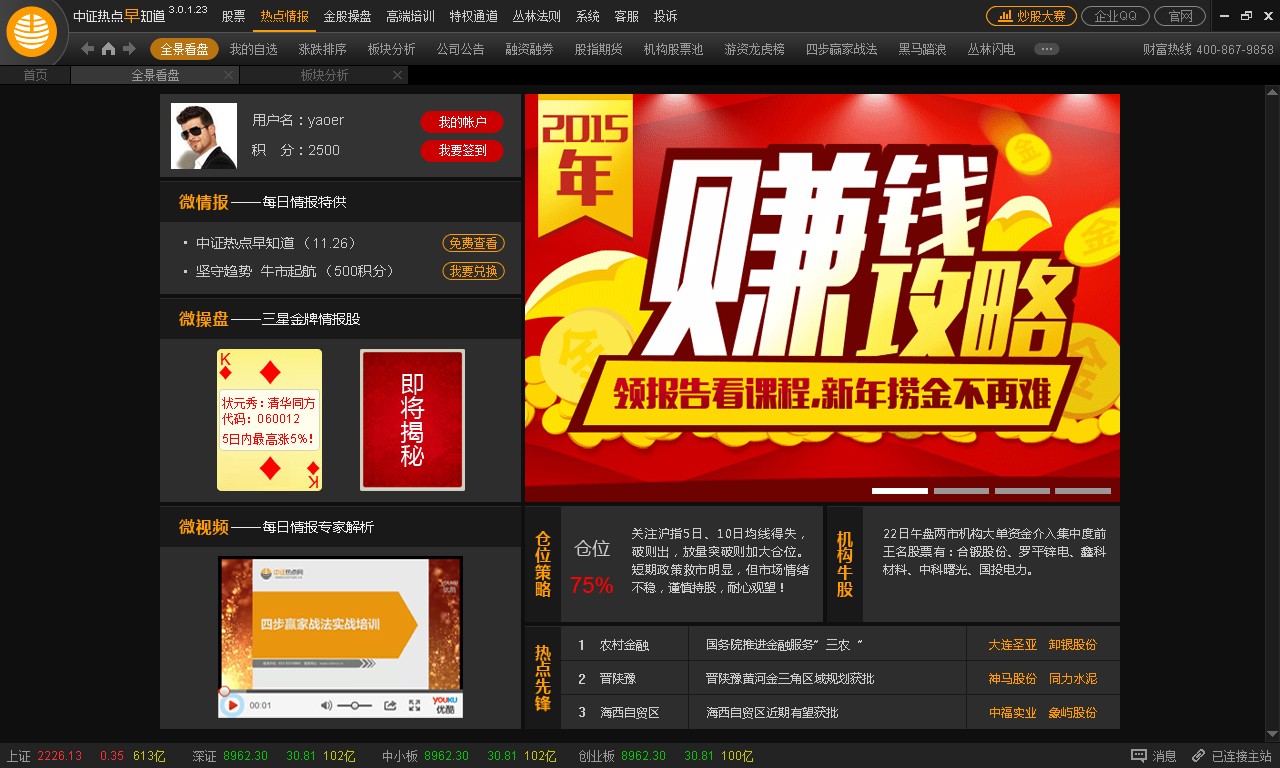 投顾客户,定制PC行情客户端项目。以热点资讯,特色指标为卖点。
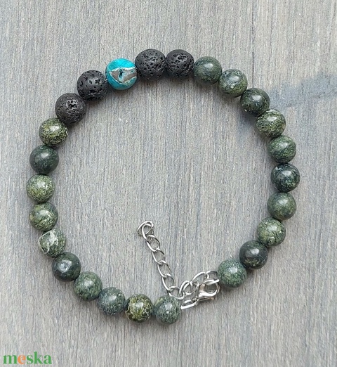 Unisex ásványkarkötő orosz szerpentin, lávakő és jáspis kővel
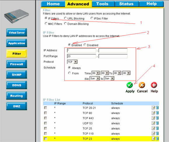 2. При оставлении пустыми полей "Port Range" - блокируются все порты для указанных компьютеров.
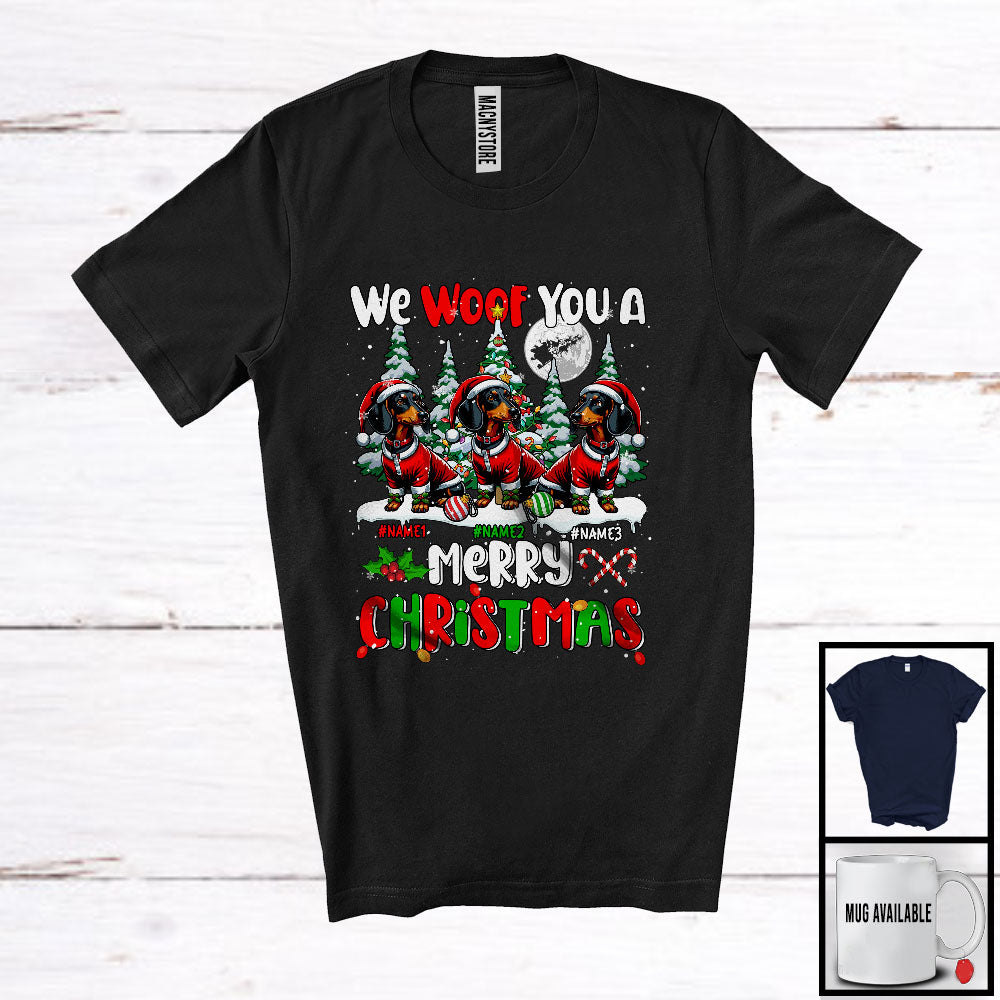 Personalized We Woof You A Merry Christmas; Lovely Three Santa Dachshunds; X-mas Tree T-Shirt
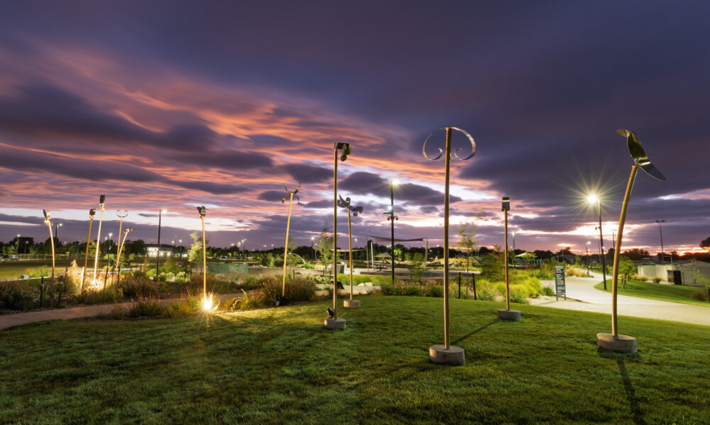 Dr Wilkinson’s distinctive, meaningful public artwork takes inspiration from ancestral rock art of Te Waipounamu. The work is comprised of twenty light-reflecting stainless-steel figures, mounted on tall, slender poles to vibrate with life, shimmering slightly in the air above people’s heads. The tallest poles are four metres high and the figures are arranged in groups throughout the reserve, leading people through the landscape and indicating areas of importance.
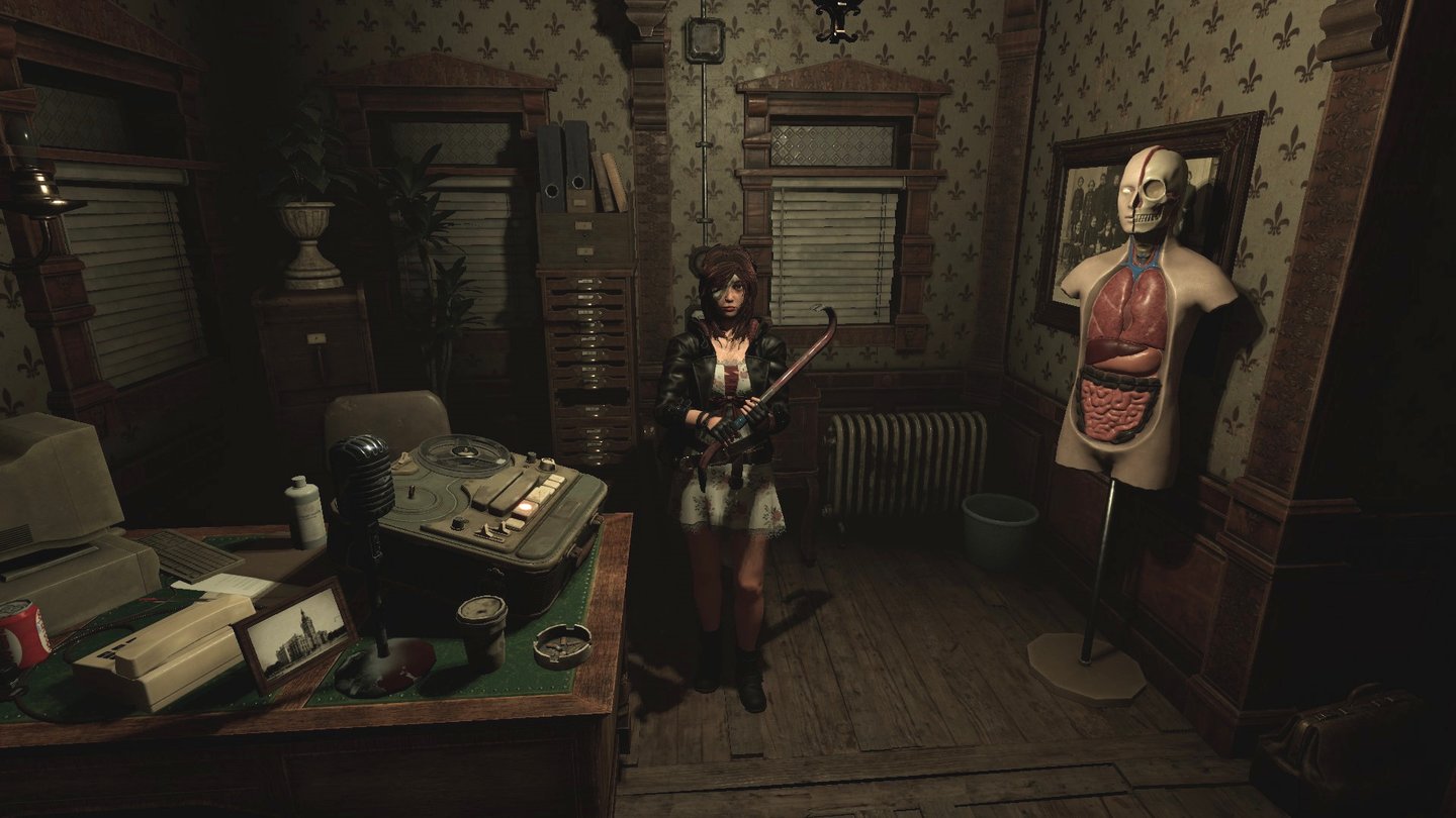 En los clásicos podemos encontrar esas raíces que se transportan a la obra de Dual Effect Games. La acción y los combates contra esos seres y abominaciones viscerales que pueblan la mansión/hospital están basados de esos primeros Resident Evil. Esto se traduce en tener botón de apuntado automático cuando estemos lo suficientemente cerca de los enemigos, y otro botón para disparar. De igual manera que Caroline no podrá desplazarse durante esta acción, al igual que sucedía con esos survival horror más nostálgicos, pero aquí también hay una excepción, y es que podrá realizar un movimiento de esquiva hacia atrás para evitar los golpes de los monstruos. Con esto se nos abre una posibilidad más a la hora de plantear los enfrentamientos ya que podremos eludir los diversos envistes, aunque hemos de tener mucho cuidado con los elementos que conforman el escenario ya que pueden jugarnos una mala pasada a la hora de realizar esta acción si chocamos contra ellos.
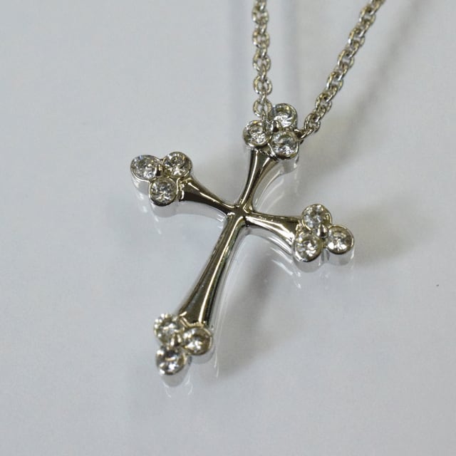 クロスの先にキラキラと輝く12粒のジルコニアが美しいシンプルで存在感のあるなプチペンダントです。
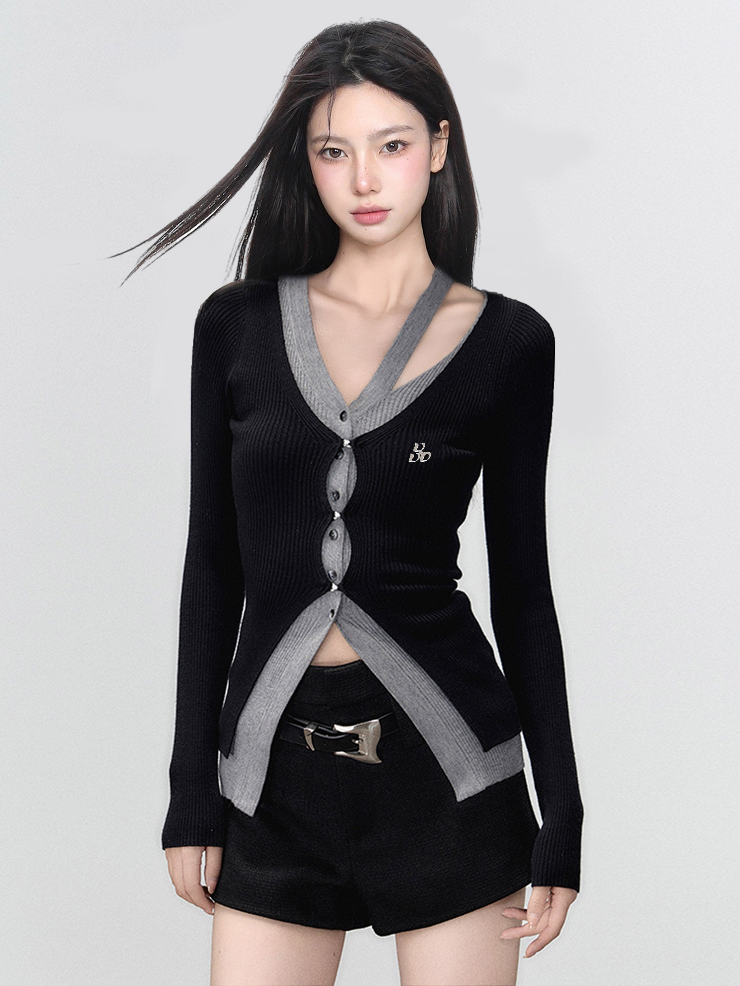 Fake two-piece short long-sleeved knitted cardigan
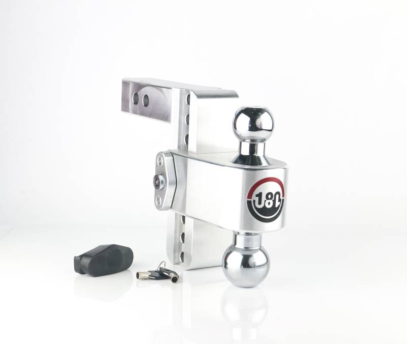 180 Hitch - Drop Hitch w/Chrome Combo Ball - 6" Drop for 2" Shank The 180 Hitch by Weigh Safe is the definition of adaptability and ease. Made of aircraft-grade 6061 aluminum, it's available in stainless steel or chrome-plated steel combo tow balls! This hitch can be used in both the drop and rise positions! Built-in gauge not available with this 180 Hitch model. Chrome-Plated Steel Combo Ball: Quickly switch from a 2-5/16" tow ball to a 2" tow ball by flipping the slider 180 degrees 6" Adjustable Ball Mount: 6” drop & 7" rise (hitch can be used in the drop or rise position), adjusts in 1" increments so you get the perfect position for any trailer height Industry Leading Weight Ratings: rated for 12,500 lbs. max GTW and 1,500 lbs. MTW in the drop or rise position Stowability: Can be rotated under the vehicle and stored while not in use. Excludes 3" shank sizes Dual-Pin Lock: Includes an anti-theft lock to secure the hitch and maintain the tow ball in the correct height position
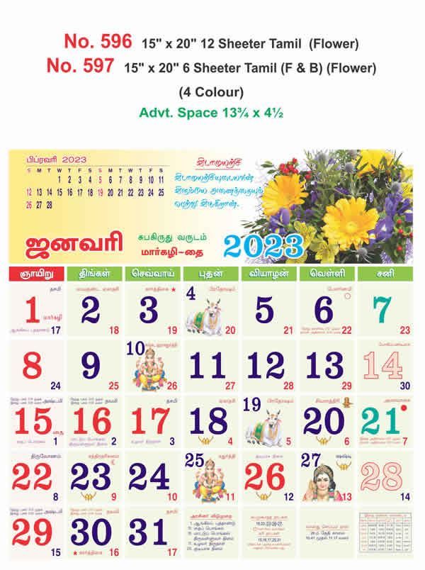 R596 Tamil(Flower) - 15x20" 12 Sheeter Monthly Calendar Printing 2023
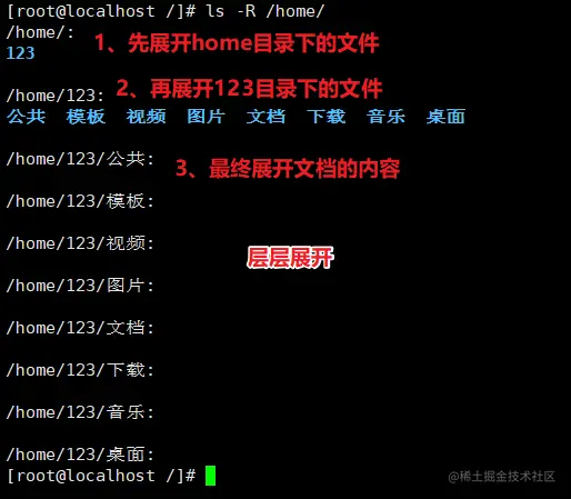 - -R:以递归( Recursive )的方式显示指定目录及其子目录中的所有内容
········
*What you will do*
Write out again, exactly, the lines from the start of the listing up to the line containing "Dr Wilkinson’s distinctive, meaningful", with both ends and without pictures.

*Task solution*
 投顾客户,定制PC行情客户端项目。以热点资讯,特色指标为卖点。
 Unisex ásványkarkötő orosz szerpentin, lávakő és jáspis kővel
 2. При оставлении пустыми полей "Port Range" - блокируются все порты для указанных компьютеров.
 Personalized We Woof You A Merry Christmas; Lovely Three Santa Dachshunds; X-mas Tree T-Shirt
 Dr Wilkinson’s distinctive, meaningful public artwork takes inspiration from ancestral rock art of Te Waipounamu. The work is comprised of twenty light-reflecting stainless-steel figures, mounted on tall, slender poles to vibrate with life, shimmering slightly in the air above people’s heads. The tallest poles are four metres high and the figures are arranged in groups throughout the reserve, leading people through the landscape and indicating areas of importance.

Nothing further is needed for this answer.